Issue 89 December 2007
Ear of stone
The end of December is a time of year when many lose their balance. This, however, is usually due to the numbing of the senses by an exaggerated consumption of alcohol. There are many other ways of losing your balance, and one of them can be caused by an altered architecture of the inner ear. Besides bearing the intricate machinery which allows animals to perceive sound, the inner ear is also responsible for our sense of movement. Those who are stricken with sea-sickness know all too well what this means. Very small regions known as the saccule and the utricle detect both gravity and acceleration, two forces we spend our time dealing with. Deprived of the capacity to perceive them, the simple act of moving our head would prove to be an awesome experience. At the heart of this perception are small stones. And one protein, otopetrin 1, is proving to be essential for their formation.
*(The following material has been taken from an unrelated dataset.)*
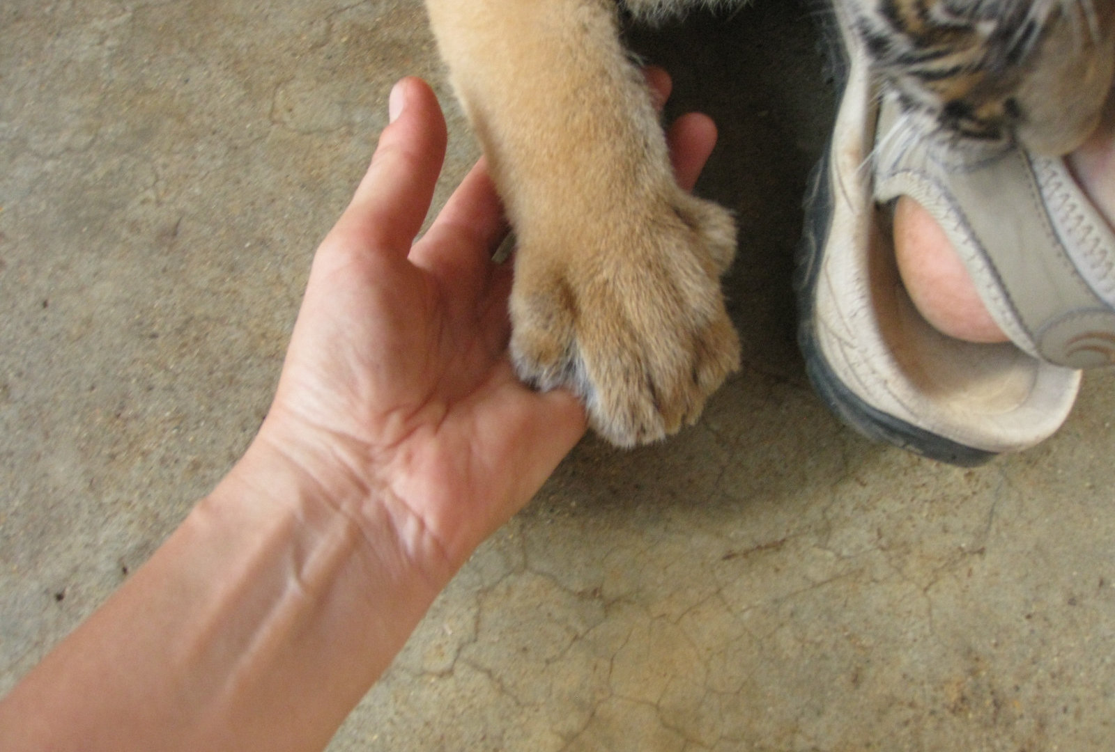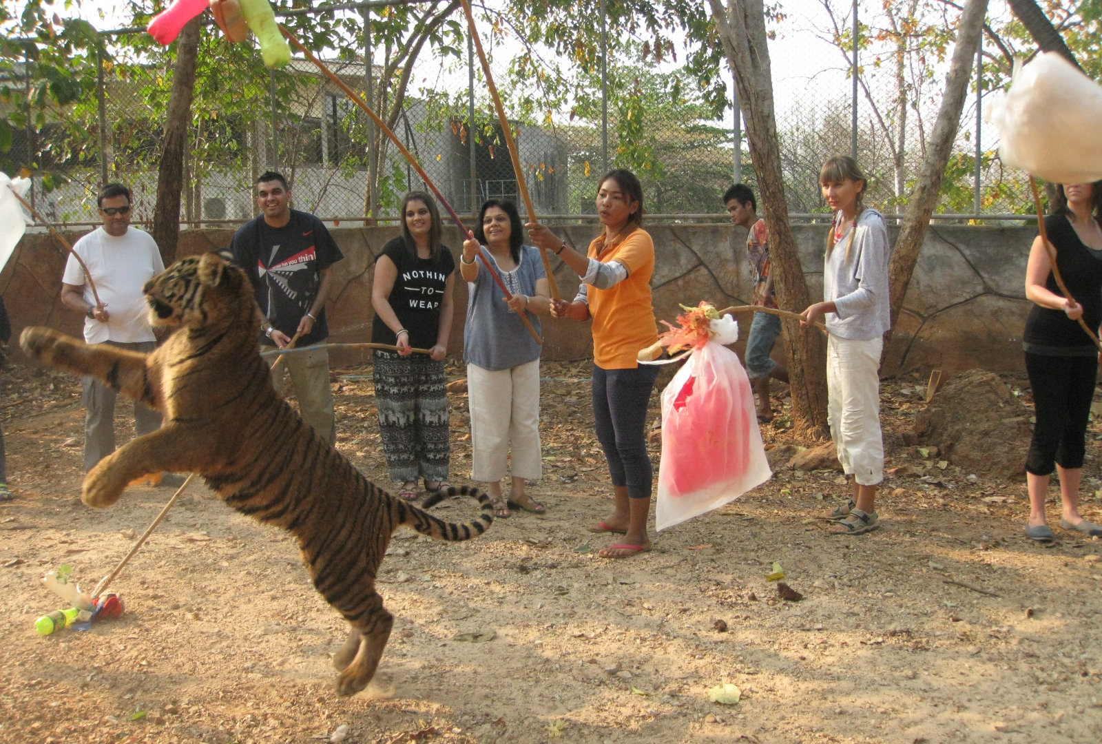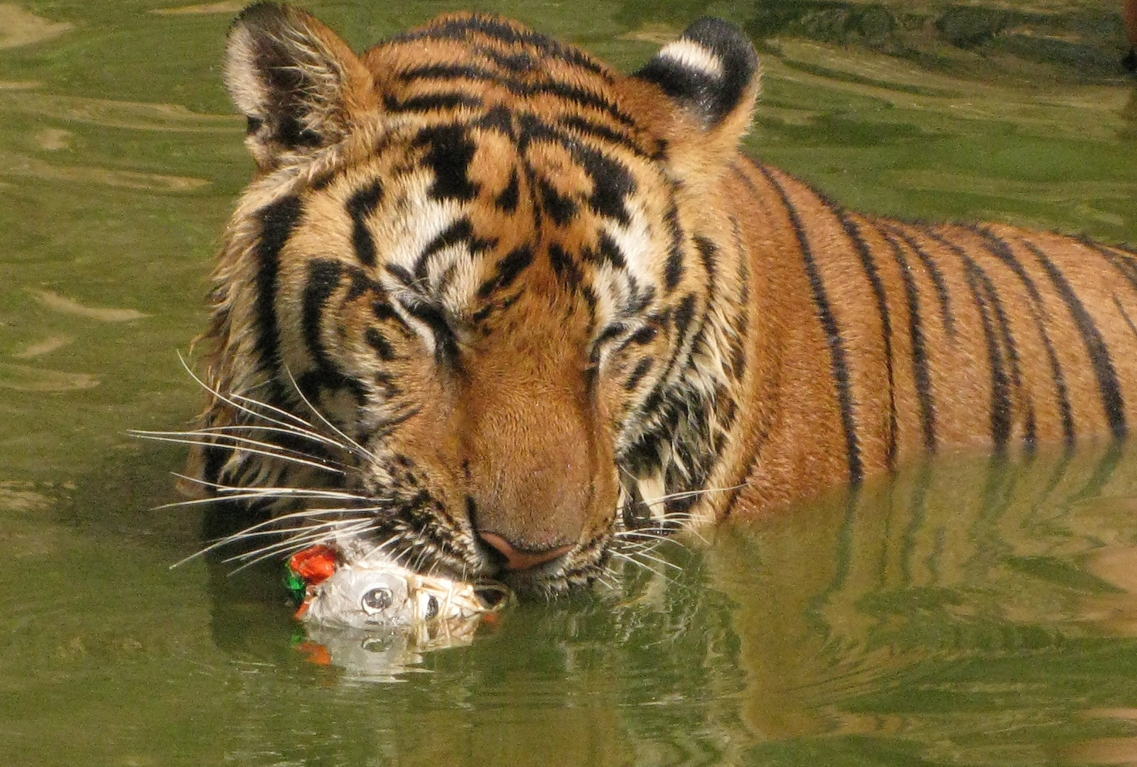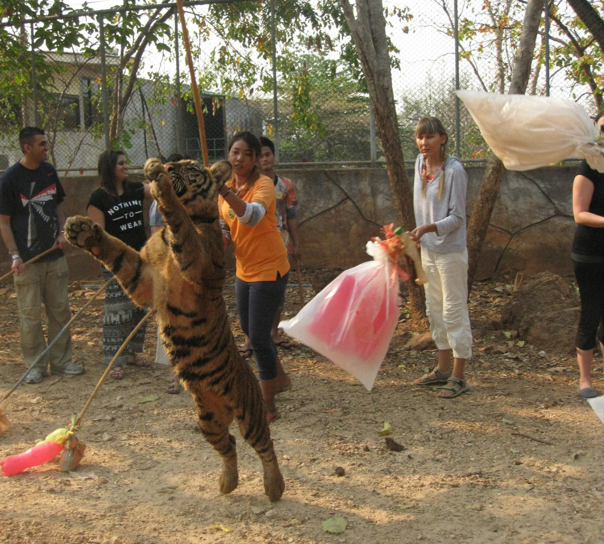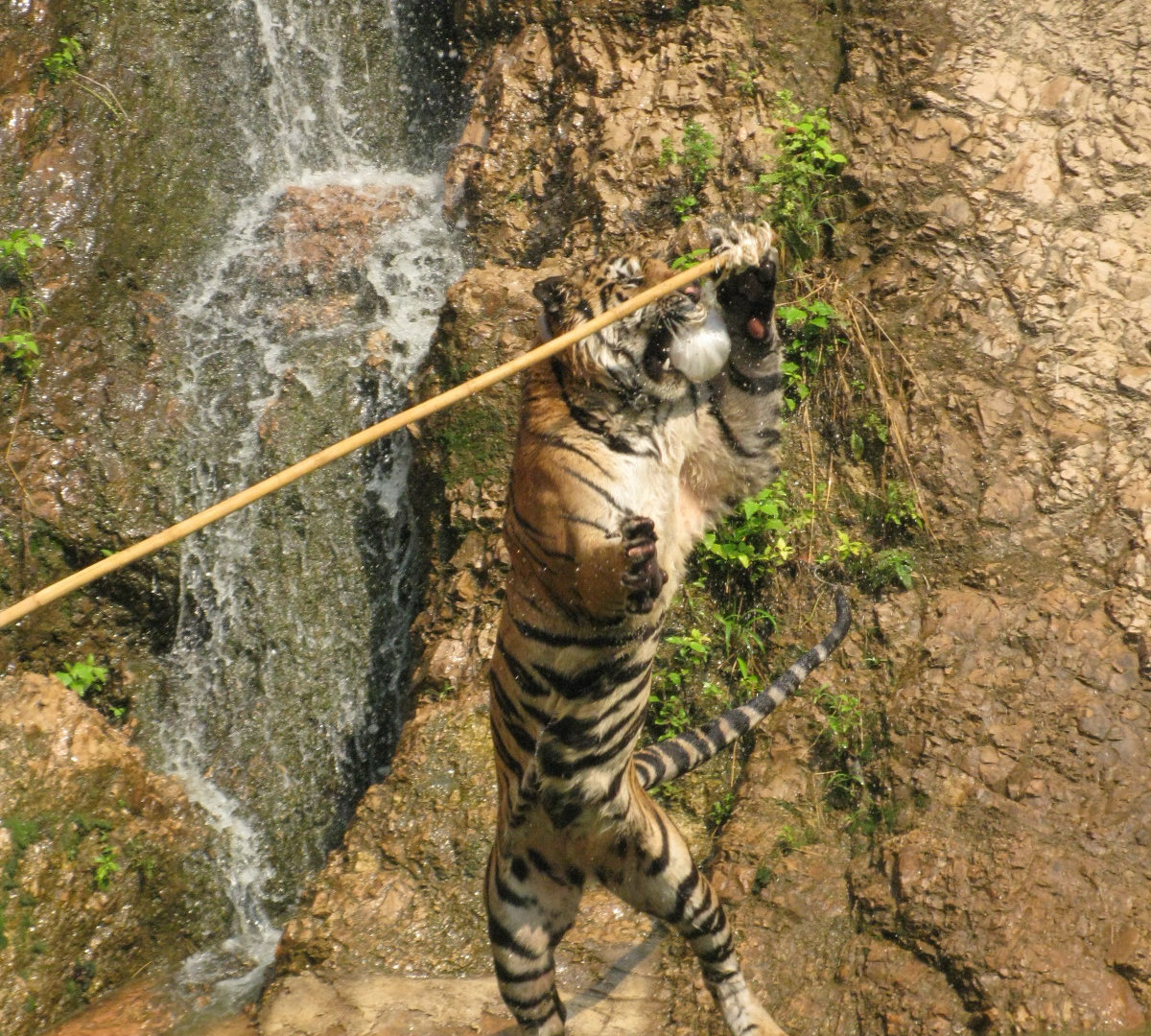 А потом- играть! Как играют с тигром? Так же,как и с обычной домашней кошкой:верёвочка+бантик:) Правда, в случае с тигром вместо верёвочки-длинная палка, а бантик-наполненный воздухом пластиковый пакет.

Keeping our balance is not such a simple task. You may think that it’s all a question of a little concentration and crafty positioning of the body. But it’s not. There is more to it than that. We have built-in devices which we need not only to keep an upright posture but also to sense movement. These devices are known as otoconia and are located in the darkest recesses of our inner ear. Otoconia are a mixture of organic and inorganic material. In humans, their size ranges from 3 to 30μm and they are bathed in an extracellular gelatinous matrix. The otoconia themselves have an organic protein core cloaked with calcium carbonate (CaCO3) crystals – a bit like the sweets our grandmothers gave us, which were hard on the outside and filled with a soft centre.
Otoconia synthesis is completed shortly after birth. Caught in an extracellular gelatinous matrix, itself packed full of protein, this peculiar biomineral cum protein mass forms a jelly-like membrane which rests on tiny hairs. These hairs are embedded in two small organs of the inner ear, known as the utricle and the saccule. Any movement of our head – with respect to acceleration or gravity – makes the otoconia move. And since they are resting on the hairs, their movement will, in turn, cause the hairs to move. The perception is then relayed to nerves which will make a point of telling the brain. The utricle is largely horizontal and will register any movement in the horizontal plane, such as acceleration. The saccule, on the other hand, lies in a vertical plane and registers movement due to the pull of gravity.
Ocean perch (Sebastes mentella) otoliths
Otoconia are formed during embryogenesis and their final design is completed shortly after birth. Otoconia seedlings are probably secreted into the extracellular matrix, and are most likely to involve a core protein matrix which is calcium-friendly. Calcium and carbonate concentration must also be heightened in the seedlings’ vicinity, so that the calcium carbonate crystal envelope can be shaped. Otopetrin 1 is part of the gelatinous extracellular matrix in which the otoconia float. When otopetrin 1 is deficient, the formation of otoconia is impaired. As a result, the perception of acceleration and gravity is confused, and mice carry tilted heads or zebrafish swim upside down.
Otopetrin 1 has all the characteristics of an integral membrane protein, yet it is found in the extracellular gelatinous matrix. This has led scientists to believe that the protein is most probably imbedded in the membranes of vesicles which bud off epithelium cells. In zebrafish, otopetrin 1 seems to be involved in protein transport, and in particular the trafficking and localization of a protein known as Starmaker. Starmaker is proving to be essential both for the fashioning of the fish biominerals – known as otoliths – and the crystal lattice on which they grow. Otoliths are of the same nature as otoconia, only far bigger. While we own many otoconia, fish only have three. But they are large, mainly because the deposit of calcium carbonate only stops when a fish doesn’t need a sense of balance anymore. Though a role in protein trafficking has not yet been witnessed in humans, otopetrin 1 does seem to be involved in calcium regulation in response to ATP. However, otopetrin 1 itself doesn’t sport domains that, until now, have been known to interact with ATP or calcium. Consequently, either otopetrin 1 activates proteins that do, or its sequence contains atypical domains that can! Whatever the outcome, otopetrin 1 is certainly essential for the formation of calcium carbonate crystals, and hence otoconia.
Otoconia – or the lack of them - can be the source of trouble. The passing of time can cause the structures to degenerate or change position. The sensation perceived is known as benign paroxysmal positional vertigo (BPPV) and, though harmless, those concerned suffer from dizziness or loss of balance. The elderly are prone to falling which frequently results in broken bones or even, sometimes, accidental death. Certain drugs can also be the cause of otoconia degeneration and patients suffer from the same disorders. Research on otoconia and otholiths is now focused on finding therapies which could improve their stability over time as well as enhance the biomineralization of remaining otoconia. Otoconia regeneration is also being considered. Furthermore, getting to know the mechanisms involved in otoconia synthesis could lead to a better understanding of how bone (CaCO4) is made – and without bone or otoconia, how could we fully enjoy a balanced life?